The final irony of course is that, as Arendt well understood, the problem of politicised compassion is that it tends to latch onto a particular class and thereby unwittingly inflict cruelty on the others.

For Robespierre, the object of pity was the sans-culottes, and it was their suffering which therefore came to trump all other considerations. It was a “more touching calamity” than the execution of innocents or the massacre of purported counter-revolutionaries, and therefore such indiscretions mattered little in the grand scheme of the revolution.

For the Robespierres of lockdownism, the object of pity became those “vulnerable” to Covid, and set against this “more touching calamity” the needs of other classes – chiefly children and the poor – were held to count for little.

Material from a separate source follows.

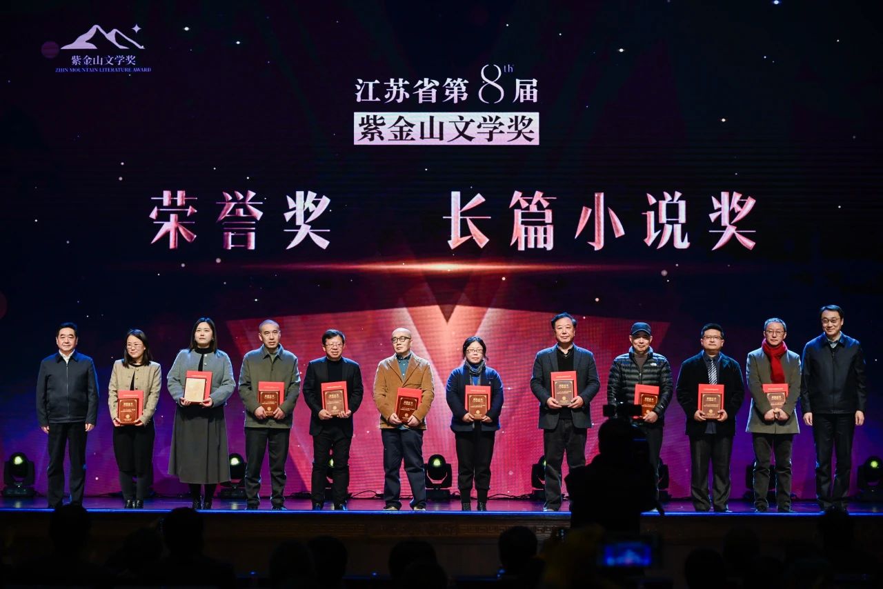 12月20日晚,由省作协主办的江苏省第八届紫金山文学奖在南京颁奖。江苏省委常委、省委宣传部部长张爱军,省政府副省长赵岩,省委副秘书长仲红岩,省政府副秘书长徐华勤,省委宣传部副部长徐宁,我校校友、中国作协副主席、省作协主席毕飞宇,省作协党组书记、书记处第一书记、常务副主席郑焱,省财政厅副厅长倪国强,省人力资源和社会保障厅一级巡视员陈健,省作协党组成员、书记处书记、副主席丁捷、贾梦玮,党组成员、书记处书记杨发孟出席活动并为获奖者颁奖。省文联党组书记、副主席、书记处第一书记常胜梅,省社科联党组成员、副主席刘西忠,新华日报社党委委员、副社长钱进,我校校友、江苏省广播电视总台党委书记、台长、集团董事长葛莱,凤凰出版传媒集团党委书记、董事长章朝阳,省文投集团党委书记、董事长王洪俊,省全民阅读促进会会长、省作协原党组书记韩松林,省政协常委、教卫体委员会副主任,省作协原党组书记汪兴国,以及省作协主席团成员,省有关部门、单位职能处室负责同志,全省各设区市文联主席、作协主席,行业作协负责同志,省作协机关全体人员,省作协会员代表、青年作家读书班学员、所有获奖作家等四百余人参加了颁奖典礼。

Indeed, the members of those classes could be visited with all manner of cruelties given the bigger goal the lockdown proponents hoped to achieve.

What conclusions can we draw from all of this? As I write, Boris Johnson (whose political career now appears to be firmly on a downward trajectory) is once again talking about the government “putting its arms round” the country – this time in relation to the economy and the incipient crisis in the cost of living. It seems as though politicised compassion in one form or another is here to stay.

We can only hope that the lesson of history – that compassion can in fact sometimes go too far and take a tragic turn – is not too long in the learning.